_Collected material_:
◇ ◇ ◇

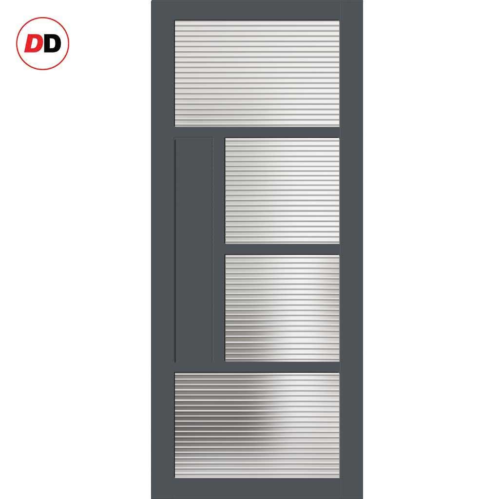 Boston 4 Pane Solid Wood Internal Door UK Made DD6311 - Clear Reeded Glass - Eco-Urban® Stormy Grey Premium Primed
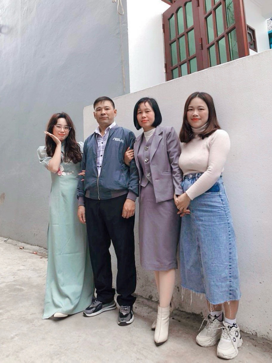 Bạn Hồng Dung (ngoài cùng bên trái) và gia đình
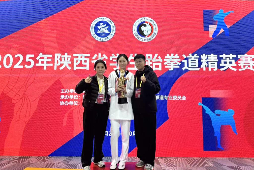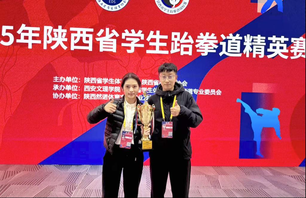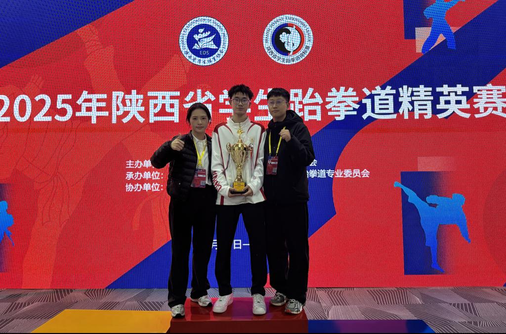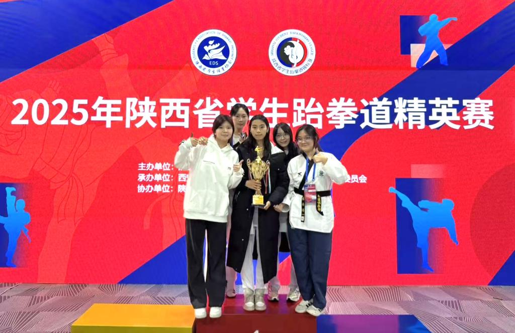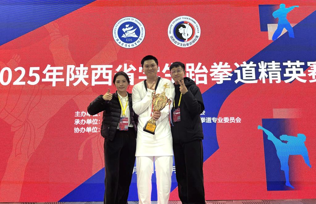 2025年陕西省学生跆拳道精英赛于10月26日在嘉会国际交流中心圆满落幕,全省30余所高校齐聚于此,在竞技与品势项目中展开巅峰对决。我校跆拳道校队在马俊豪、王静妍两位教练员的带领下,14名参赛队员凭借扎实的功底与顽强的斗志,在此次比赛中狂揽四金三银三铜,并且获得团体总分第三名,创造了我校跆拳道队的历史最佳成绩。

◇ ◇ ◇

Omitting all pictures, give the preceding listing again exactly.

 Boston 4 Pane Solid Wood Internal Door UK Made DD6311 - Clear Reeded Glass - Eco-Urban® Stormy Grey Premium Primed
 Bạn Hồng Dung (ngoài cùng bên trái) và gia đình
 2025年陕西省学生跆拳道精英赛于10月26日在嘉会国际交流中心圆满落幕,全省30余所高校齐聚于此,在竞技与品势项目中展开巅峰对决。我校跆拳道校队在马俊豪、王静妍两位教练员的带领下,14名参赛队员凭借扎实的功底与顽强的斗志,在此次比赛中狂揽四金三银三铜,并且获得团体总分第三名,创造了我校跆拳道队的历史最佳成绩。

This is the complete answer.